**MATERIAL FOR THE TASK:**
Start of Block

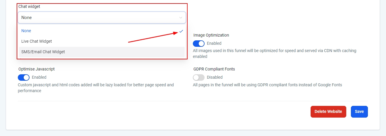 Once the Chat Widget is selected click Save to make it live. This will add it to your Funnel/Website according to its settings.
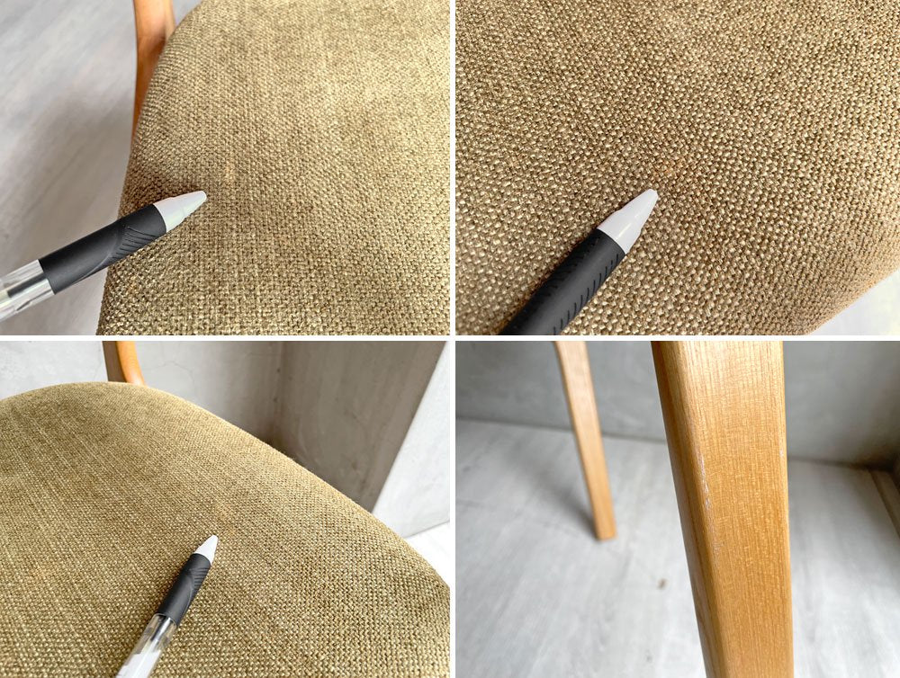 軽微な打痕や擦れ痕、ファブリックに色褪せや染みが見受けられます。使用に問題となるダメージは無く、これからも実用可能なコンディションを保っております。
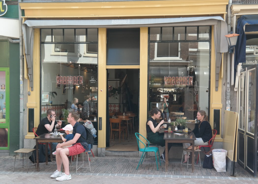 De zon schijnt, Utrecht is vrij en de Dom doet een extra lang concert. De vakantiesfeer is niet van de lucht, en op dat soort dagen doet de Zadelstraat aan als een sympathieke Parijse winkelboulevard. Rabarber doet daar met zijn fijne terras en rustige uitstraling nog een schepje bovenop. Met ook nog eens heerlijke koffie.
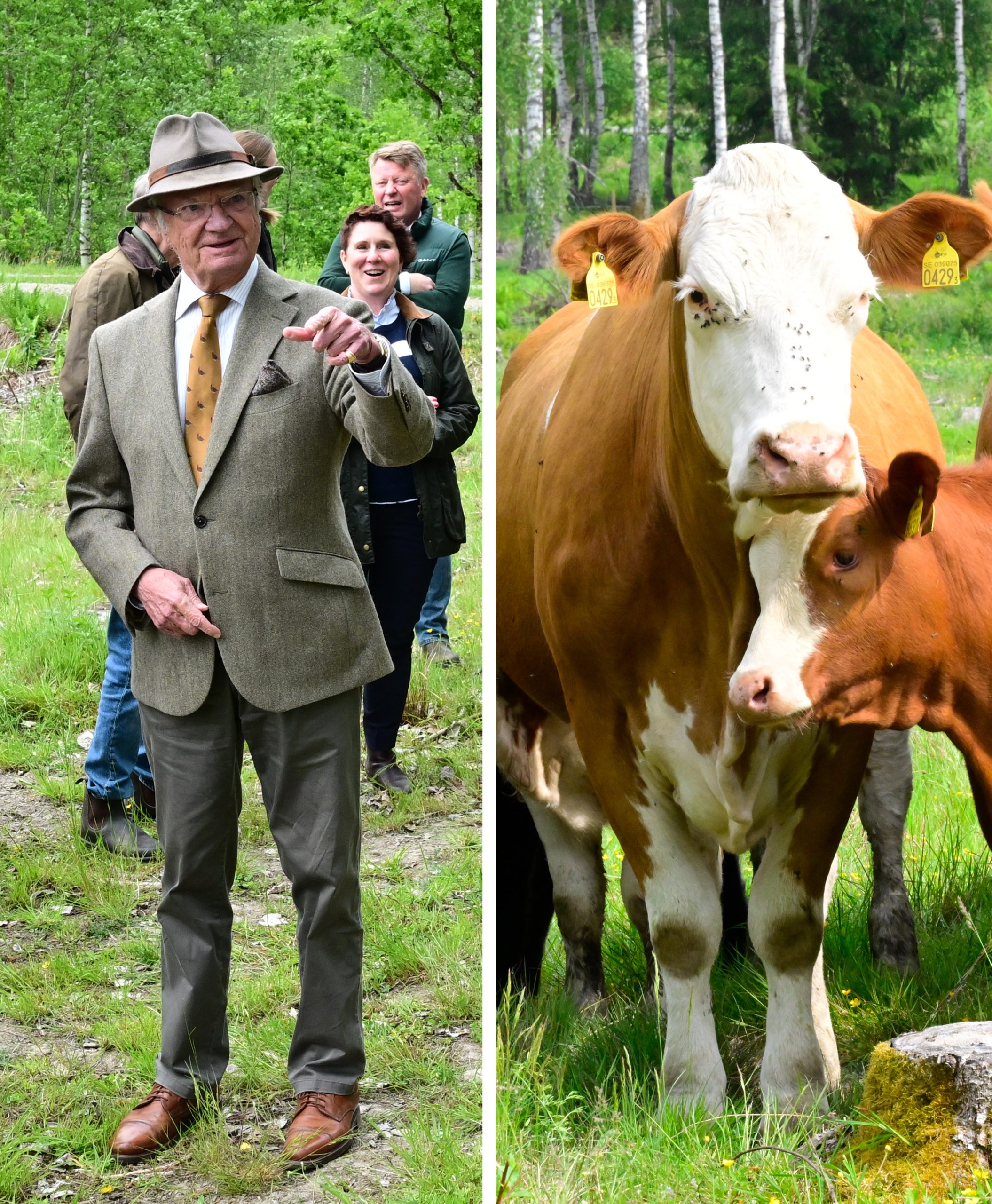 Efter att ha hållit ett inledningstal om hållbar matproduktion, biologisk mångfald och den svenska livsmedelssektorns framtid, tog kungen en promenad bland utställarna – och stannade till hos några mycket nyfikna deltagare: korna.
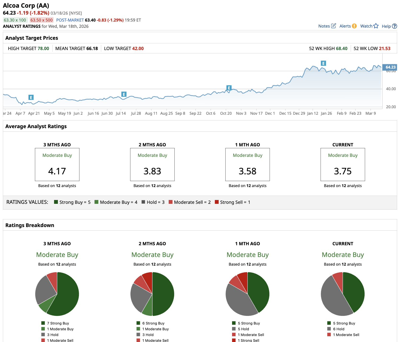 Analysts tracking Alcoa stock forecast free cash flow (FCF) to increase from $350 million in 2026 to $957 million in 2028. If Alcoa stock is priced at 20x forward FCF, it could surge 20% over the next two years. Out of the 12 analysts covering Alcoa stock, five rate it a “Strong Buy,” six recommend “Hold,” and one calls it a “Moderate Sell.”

End of Block
Start of Block

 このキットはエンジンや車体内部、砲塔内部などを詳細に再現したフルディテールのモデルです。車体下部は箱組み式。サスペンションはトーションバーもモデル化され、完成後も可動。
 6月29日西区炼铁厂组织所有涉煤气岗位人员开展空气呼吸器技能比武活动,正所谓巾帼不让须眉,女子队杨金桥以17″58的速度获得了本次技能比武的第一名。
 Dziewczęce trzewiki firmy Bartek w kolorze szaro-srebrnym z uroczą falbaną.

End of Block
Start of Block

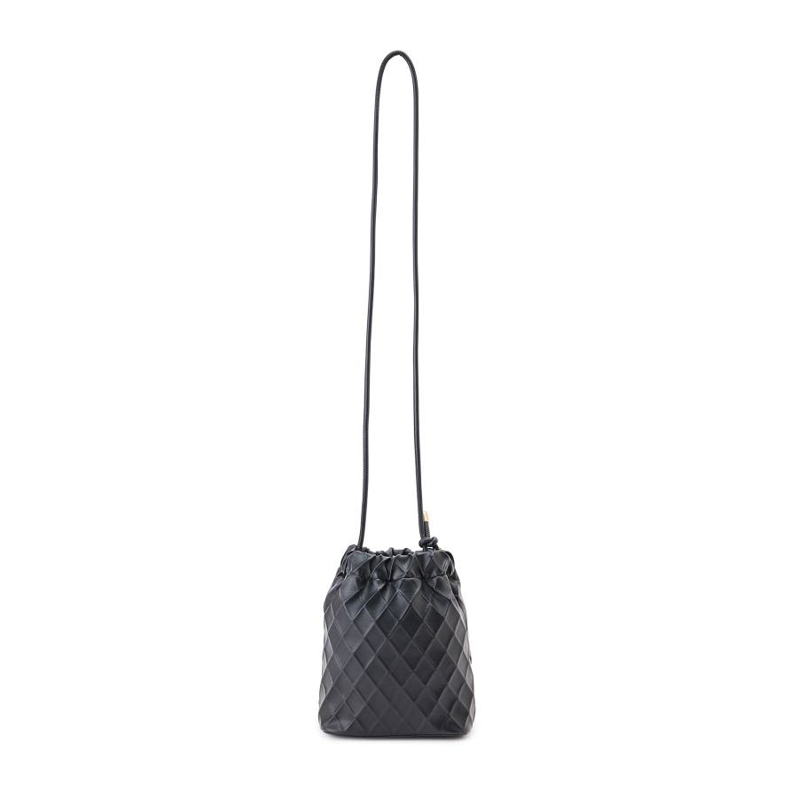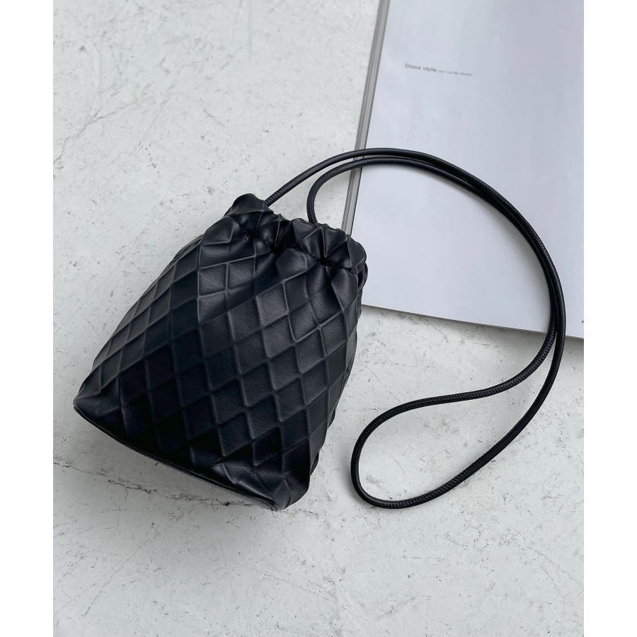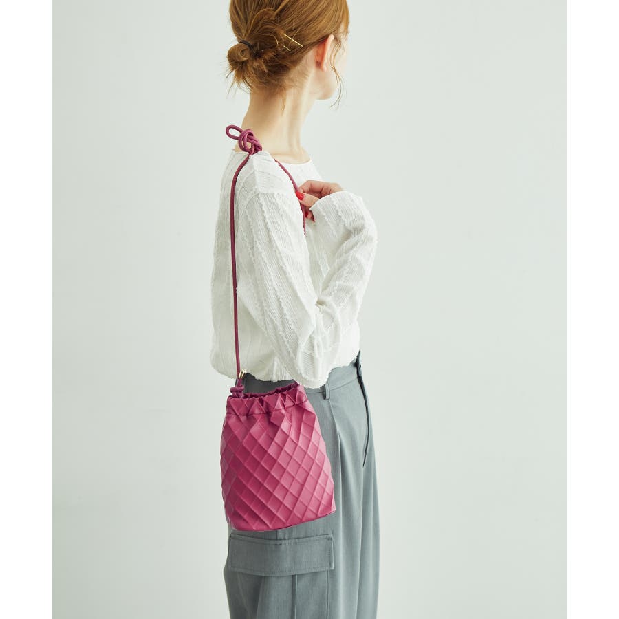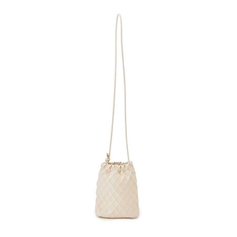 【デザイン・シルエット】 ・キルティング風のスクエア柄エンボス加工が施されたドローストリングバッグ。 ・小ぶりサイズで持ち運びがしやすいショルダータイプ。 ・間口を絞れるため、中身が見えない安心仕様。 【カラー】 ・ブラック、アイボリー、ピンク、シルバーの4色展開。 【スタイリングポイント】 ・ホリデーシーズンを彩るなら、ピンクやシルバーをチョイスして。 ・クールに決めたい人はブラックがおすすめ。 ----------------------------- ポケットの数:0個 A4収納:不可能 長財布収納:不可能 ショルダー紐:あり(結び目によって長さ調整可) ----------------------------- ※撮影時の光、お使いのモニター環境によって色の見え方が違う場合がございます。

End of Block

**WORK INSTRUCTION:** Word for word, repeat the lines above from the one with "Once the Chat" through the one with "Efter att ha", and nothing beyond them. Omit the pictures.

**OUTPUT FOR THIS EXERCISE:**
 Once the Chat Widget is selected click Save to make it live. This will add it to your Funnel/Website according to its settings.
 軽微な打痕や擦れ痕、ファブリックに色褪せや染みが見受けられます。使用に問題となるダメージは無く、これからも実用可能なコンディションを保っております。
 De zon schijnt, Utrecht is vrij en de Dom doet een extra lang concert. De vakantiesfeer is niet van de lucht, en op dat soort dagen doet de Zadelstraat aan als een sympathieke Parijse winkelboulevard. Rabarber doet daar met zijn fijne terras en rustige uitstraling nog een schepje bovenop. Met ook nog eens heerlijke koffie.
 Efter att ha hållit ett inledningstal om hållbar matproduktion, biologisk mångfald och den svenska livsmedelssektorns framtid, tog kungen en promenad bland utställarna – och stannade till hos några mycket nyfikna deltagare: korna.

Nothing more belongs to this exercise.